Аверьян жал в кулаке деньги, раздумывая: «Давать ему денег или не давать?» Решил пока не давать. Едва ли придется боярину скудная мзда по нраву. «Он тут, поди, тыщами ворочает!»
– За совет спасибо, боярин. После промысла отблагодарю тебя… А не можешь ли тех людей назвать поименно, чтобы легче было сыскать?

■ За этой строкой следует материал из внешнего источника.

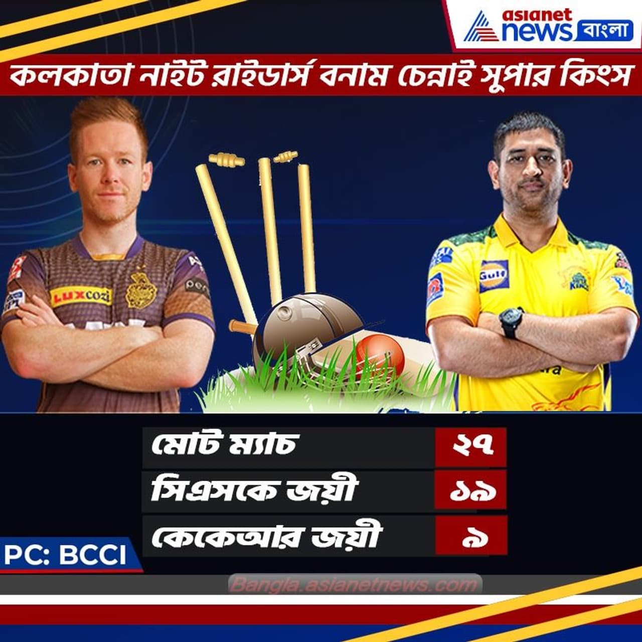 মেগা ফাইনালের আগে দুই দলের মুখোমুখি সাক্ষাতের পরিসংখ্য়ান কিন্তু অনেকটাই এগিয়ে রাখছে এমেস ধোনির দলকে। এখনও পর্যন্ত আইপিএলের ইতিহাসে মোট ২৭ বার মুখোমুখি হয়েছে কলকাতা নাইট রাইডার্স ও চেন্নাই সুপার কিংস। যার মধ্যে ৭০ শতাংশ ম্যাচ জিতেছে ইয়োলো আর্মি। অর্থাৎ ২৭টির মধ্যে ১৯টি ম্যাচেই জয়ের হাসি হেসেছে সিএসকে। অপরদিকে, মাত্র ৯টি ম্যাচে জয় পেয়েছে কেকেআর। তবে ফাইনালে দুই দলের মুখোমুখি সাক্ষাৎ হয়েছিল ২০১২ সালে। সেই ম্য়াচে এমএসধোনির দলকে হারিয়ে আইপিএলের প্রথমবার ট্রফি জয়ের স্বাদ পেয়েছিল কলকাতা নাইট রাইডার্স।

– Разве всех упомнишь? – воевода взял лист чистой бумаги, разгладил его ладонью. Перстень с изумрудом, когда на него упал луч света, сверкнул зеленоватой искоркой. В приказе было тихо и душно. В углу скреблась мышь. Большая печь излучала тепло, навевала дрему. – Поименно узнай у дьяка Аверкиева. У него есть список жителей. – Воевода обмакнул перо в чернильницу, посмотрел, не попала ли на кончик пера волосинка, и заскрипел по бумаге, давая понять, что разговор окончен. Аверьян поклонился, надел шапку и повернулся к двери. Воевода вслед ему бросил:
– Ясак потом не забудь заплатить. Десятую шкурку. Лучшую!
– Не забуду, – Аверьян обернулся, на всякий случай кивнул воеводе еще раз и, когда взялся за скобу, опять услышал его ровный и властный голос:
– Огневого зелья туземцам не продавать! Помни и товарищам своим накажи!

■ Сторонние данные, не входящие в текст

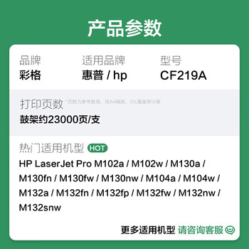彩格CF219A硒鼓组件适用惠普hp18A硒鼓m132nw m132a m104a m104w成像鼓M132fw 带芯片成像鼓不含粉盒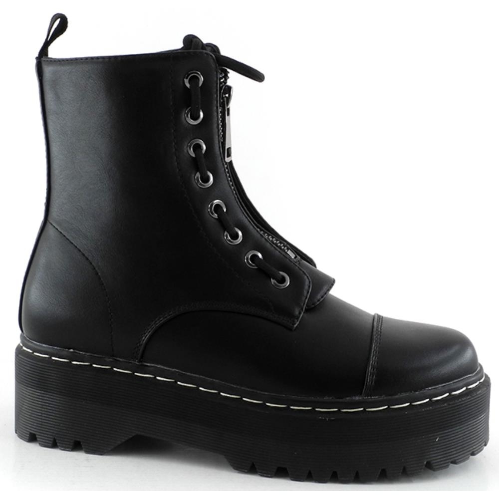 Bota militar para mujer de la marca D´Ángela, realizada en sintético con forro textil. Cierre mediante cremallera interior y vira con pespuntes en contraste. Detalle de cremallera y cordón en el empeine a modo de adorno.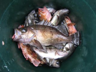メバルのデカイヤツです。バケツの底いっぱいです。今後は30cmオーバーもつれるでしょう。

– Буду помнить. Да и нет у нас его, зелья-то. Промышлять собираемся сетями-обметами да кулемами, – отозвался Бармин, зная, что в грамоте царя Бориса, которой он жаловал промышленных людей Двинского уезда, поморам запрещалось привозить для продажи порох, свинец и ружья-пищали.

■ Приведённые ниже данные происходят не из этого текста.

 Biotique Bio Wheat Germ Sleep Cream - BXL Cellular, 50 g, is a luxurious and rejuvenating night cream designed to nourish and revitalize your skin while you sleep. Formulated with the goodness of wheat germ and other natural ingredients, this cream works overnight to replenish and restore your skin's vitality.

Расставшись с воеводой, Аверьян разыскал дьяка Аверкиева в маленькой пристройке – канцелярии при аманатской избе. Стрелец, стоявший в дверях, загородил было дорогу алебардой, но Аверьян сунул ему в руку полушку, и алебарда отклонилась в сторону.
Аверкиев сидел за столом. Из окна на раскрытую книгу и на плечо дьяка падал дневной свет. Лицо у Аверкиева благообразное, с кудельной жидкой бородой, закрученной на конце штопором. Глаза большие, с желтоватыми белками. Воротник кафтана расстегнут, на шее ходуном ходит острый кадык. Дьяк брал щепоткой из блюда, стоявшего на столе, моченую морошку и отправлял ее в рот, жмурился и причмокивал. У стены на почтительном расстоянии стоял ненец с обнаженной головой, скуластый, темнолицый, в малице, с мешком в руке. Он говорил на своем языке торопливо и просительно, переминаясь с ноги на ногу. Потом умолк и перестал переминаться. Дьяк, не обратив внимания на Бармина, опять бросил в рот морошку, прожевал ее и тоже заговорил с ненцем на его языке, быстро и свободно. Потом ненец что-то сказал и, вынув из мешка две песцовые шкурки, положил перед дьяком. Тот быстро смахнул их под стол. Аверьян даже раскрыл рот от удивления, как это он быстро проделал. А под столом стоял плетеный короб, которого помор не заметил, и шкурки упали в этот короб. Аверкиев опять заговорил с ненцем уже мягче, доброжелательней и позвал дежурного стрельца. Дверь отворилась, в нее сначала просунулась алебарда, а за ней и стрелец. Дьяк приказал:
– Никола! Выпусти князенка Евгэя. Свадьбу, вишь, затеяли, так просят на три дня отправить заложника домой. Вместо него посади в аманатскую вот этого самоеда.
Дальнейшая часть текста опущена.